We went food hopping lol we're not all a bunch of drunks : p

We're planning some *bowling in Brooklyn* for the weekend, Saturday possibly. People who are interested, let me know. http://www.brooklynbowl.com/ -- They play live music too.

oh and yeah, as TK said, everyone is welcome to suggest or organize a meetup.


----------



## FadeToOne (Jan 27, 2011)

Update:

So the Plan for the next meetup is *Union Pool in Brooklyn* this Saturday. We will be meeting up at around *4 p.m.* Explore some of the hotspots in the area.

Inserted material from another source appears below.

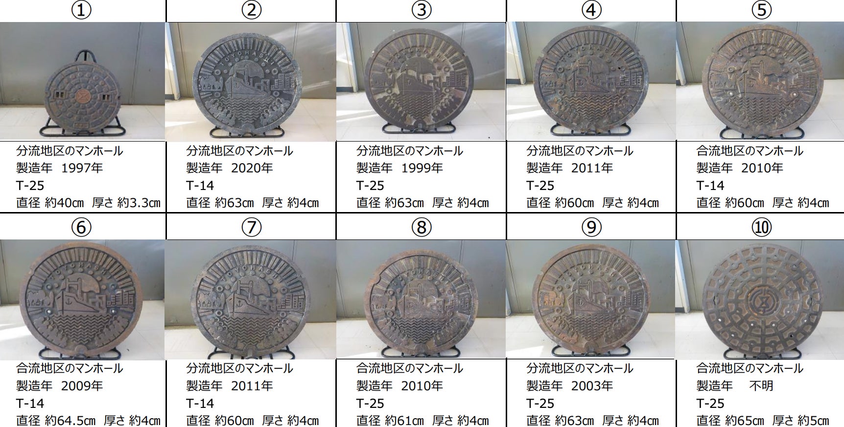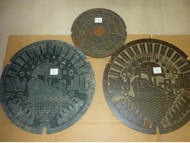 絵柄は同じでも、役目を果たしたマンホール蓋には一つ一つ異なる表情があります。豊橋市上下水道局3階下水道整備課に来ていただければ、1月17日(金)までの平日9時から16時まで、販売予定の蓋を直接確認することも可能です。希望の方は前日までに電話、またはメールでご連絡下さい。

Bars may be included later on, just so you have in mind, but everyone is welcome. http://union-pool.com/info/


----------



## Readytolive (Jun 14, 2012)

Would I be able to join?


----------



## Ohnoes2191 (Aug 26, 2011)

I'm glad to see many people have decided to join the meetups  I moved to Pennsylvania, so, no more NY


----------



## FadeToOne (Jan 27, 2011)

Readytolive said:


> Would I be able to join?


Of course - there's no 'membership' involved lol anyone who can come is welcome.


----------



## FadeToOne (Jan 27, 2011)

Ohnoes2191 said:


> I'm glad to see many people have decided to join the meetups  I moved to Pennsylvania, so, no more NY


Ah, that's too bad - enjoy it there though


----------



## arandomgirl (Aug 19, 2011)

ill gooooo!


----------



## lonesomeboy (Aug 29, 2005)

I wished I lived in NY..


----------



## J_Duece (Mar 11, 2009)

Does anyone want to do skype/ovoo meetups? Just sit and talk try to help each other out.


----------



## J_Duece (Mar 11, 2009)

Anyone interested in a new year meetup?


----------



## J_Duece (Mar 11, 2009)

Does anyone here from the city, roller blade, skate/longboard, bike etc.?


----------



## tk123 (Jun 27, 2012)

New meetup this upcoming Saturday (1/19) at 2pm. We will go ice skating at Bryant Park. There are a couple of places to ice skate in the city but this is by far the cheapest since you only pay for the skates. If you own your own pair bring them along since then it will be free for you. Whose interested?



> General Admission: Free
> Skate Rentals: $14
> Locker Use: Free
> Lock Purchase: $9
> ...


http://citipondatbryantpark.com/


----------



## BlazingLazer (Jul 16, 2011)

Sounds good to me! Will be my 1st time doing ice skating. That means good chances of falling down a lot and providing entertainment for any onlookers!


----------



## FadeToOne (Jan 27, 2011)

BlazingLazer said:


> Sounds good to me! Will be my 1st time doing ice skating. That means good chances of falling down a lot and providing entertainment for any onlookers!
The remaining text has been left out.